A supervisor agent analyzes the codebase and identifies discrete modernization operations (migrate to new logging framework, update dependency injection patterns, replace deprecated APIs, etc.)
Each operation gets its own isolated planning context
Automated refactoring tools execute each operation, with the agent only seeing the relevant context for the current task

The results mirror what the paper reports: better accuracy on individual transformations, and dramatically reduced token consumption because each sub-task carries only its relevant context rather than the entire history.

Why DAGs (Or Not)#

The paper uses a directed acyclic graph to capture dependency relationships between sub-tasks. This enables dependency-aware scheduling (only execute tasks whose prerequisites are complete) and parallel execution of independent branches.

For my Java modernization project, I opted for a simpler linear sequence. The reason is practical: you generally don’t want two refactoring operations modifying the same codebase concurrently. Even if two operations target different concerns, having parallel tools rewriting code leads to merge conflicts, inconsistent intermediate states, and chaos. Sequential execution with clear handoffs is more predictable.

What I kept from the paper’s approach was the context isolation. Each refactoring operation gets its own scoped context containing only its specification and the outcomes of prior operations. The agent never sees the full history of every analysis and transformation that came before.

The DAG structure matters if your sub-tasks are truly independent and can execute in parallel. For code modification, the real win is context scoping, not parallelization.

The 82% Token Reduction#

The paper reports up to 82% reduction in token consumption compared to baselines. This number resonated with my experience. When each sub-task only needs to see its own context plus explicit outputs from dependencies, you eliminate the redundant re-processing of historical context.
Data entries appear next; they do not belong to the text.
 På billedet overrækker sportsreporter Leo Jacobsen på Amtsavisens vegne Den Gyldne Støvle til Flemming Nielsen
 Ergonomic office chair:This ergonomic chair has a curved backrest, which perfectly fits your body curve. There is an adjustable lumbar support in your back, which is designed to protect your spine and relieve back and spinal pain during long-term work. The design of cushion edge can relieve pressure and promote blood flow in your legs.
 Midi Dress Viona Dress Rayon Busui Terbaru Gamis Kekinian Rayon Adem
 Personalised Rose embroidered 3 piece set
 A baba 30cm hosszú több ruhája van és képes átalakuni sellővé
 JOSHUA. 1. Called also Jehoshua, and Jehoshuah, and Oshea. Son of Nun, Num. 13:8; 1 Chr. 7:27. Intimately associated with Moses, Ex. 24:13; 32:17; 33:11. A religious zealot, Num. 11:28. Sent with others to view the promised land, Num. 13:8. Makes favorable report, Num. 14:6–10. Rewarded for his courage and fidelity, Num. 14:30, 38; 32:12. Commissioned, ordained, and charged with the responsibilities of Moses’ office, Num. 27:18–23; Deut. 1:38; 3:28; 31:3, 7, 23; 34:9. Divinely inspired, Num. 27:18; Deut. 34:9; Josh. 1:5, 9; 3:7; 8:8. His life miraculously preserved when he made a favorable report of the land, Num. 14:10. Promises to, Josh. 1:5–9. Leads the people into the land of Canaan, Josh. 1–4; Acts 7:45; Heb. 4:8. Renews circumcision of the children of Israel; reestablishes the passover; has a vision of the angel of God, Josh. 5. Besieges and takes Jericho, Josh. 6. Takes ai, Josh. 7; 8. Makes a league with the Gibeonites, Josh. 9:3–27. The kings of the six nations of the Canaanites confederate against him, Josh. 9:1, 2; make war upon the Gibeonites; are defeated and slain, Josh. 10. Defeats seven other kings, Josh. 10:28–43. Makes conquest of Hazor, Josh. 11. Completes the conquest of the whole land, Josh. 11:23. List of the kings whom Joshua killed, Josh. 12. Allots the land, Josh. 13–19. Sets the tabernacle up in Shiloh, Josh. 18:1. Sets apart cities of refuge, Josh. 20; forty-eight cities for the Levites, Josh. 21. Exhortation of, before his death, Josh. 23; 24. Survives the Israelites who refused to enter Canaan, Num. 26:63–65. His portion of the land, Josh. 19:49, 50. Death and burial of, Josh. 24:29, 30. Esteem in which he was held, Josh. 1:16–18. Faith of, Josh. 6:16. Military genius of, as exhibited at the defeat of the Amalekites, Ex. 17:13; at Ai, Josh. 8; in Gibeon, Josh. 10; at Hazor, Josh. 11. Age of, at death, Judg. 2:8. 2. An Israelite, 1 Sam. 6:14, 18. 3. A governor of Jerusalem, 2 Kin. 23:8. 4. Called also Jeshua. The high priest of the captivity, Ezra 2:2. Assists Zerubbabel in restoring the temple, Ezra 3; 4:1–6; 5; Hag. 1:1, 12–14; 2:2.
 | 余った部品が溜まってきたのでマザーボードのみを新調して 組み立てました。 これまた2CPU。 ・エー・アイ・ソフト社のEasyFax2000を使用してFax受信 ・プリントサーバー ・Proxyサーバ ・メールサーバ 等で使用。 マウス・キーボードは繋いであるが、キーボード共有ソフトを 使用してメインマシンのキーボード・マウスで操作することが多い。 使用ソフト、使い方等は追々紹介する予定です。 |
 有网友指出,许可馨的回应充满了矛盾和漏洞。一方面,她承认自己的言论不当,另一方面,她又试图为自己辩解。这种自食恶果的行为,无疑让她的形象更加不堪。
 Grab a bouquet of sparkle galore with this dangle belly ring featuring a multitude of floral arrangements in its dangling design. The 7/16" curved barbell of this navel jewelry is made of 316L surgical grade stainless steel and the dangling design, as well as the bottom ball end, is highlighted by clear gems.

For a project running many agent invocations, this translates directly to cost and latency improvements.

Enabling Self-Hosted LLMs#

The token reduction has a second-order benefit that matters for some deployments: it makes self-hosted models viable.

With the all-at-once approach, context windows grew large enough that only frontier models could handle them reliably. Claude and GPT-4 managed fine, but locally-running models choked on the accumulated context. This created an uncomfortable dependency on external APIs for what could otherwise be an air-gapped, self-hosted solution.

With subgoal-local contexts, each operation sees a focused slice of information. The context stays small enough that capable open-weight models can complete the modernization tasks successfully. For organizations with data sovereignty requirements or cost constraints on API usage, this is the difference between “possible” and “not possible.”

Practical Takeaways#

If you’re building agents for complex, multi-step tasks:

Identify natural task boundaries where context can be isolated
Make dependencies between sub-tasks explicit rather than implicit in the conversation flow
Design for sub-task recovery without requiring full re-planning
Consider whether your task structure is actually a DAG rather than a linear sequence

The paper’s approach is training-free, meaning you can apply these architectural patterns to any capable LLM without fine-tuning. That makes it immediately practical for production systems.

The full paper is worth reading for the formal framework and benchmark results: Task-Decoupled Planning for Long-Horizon Agents.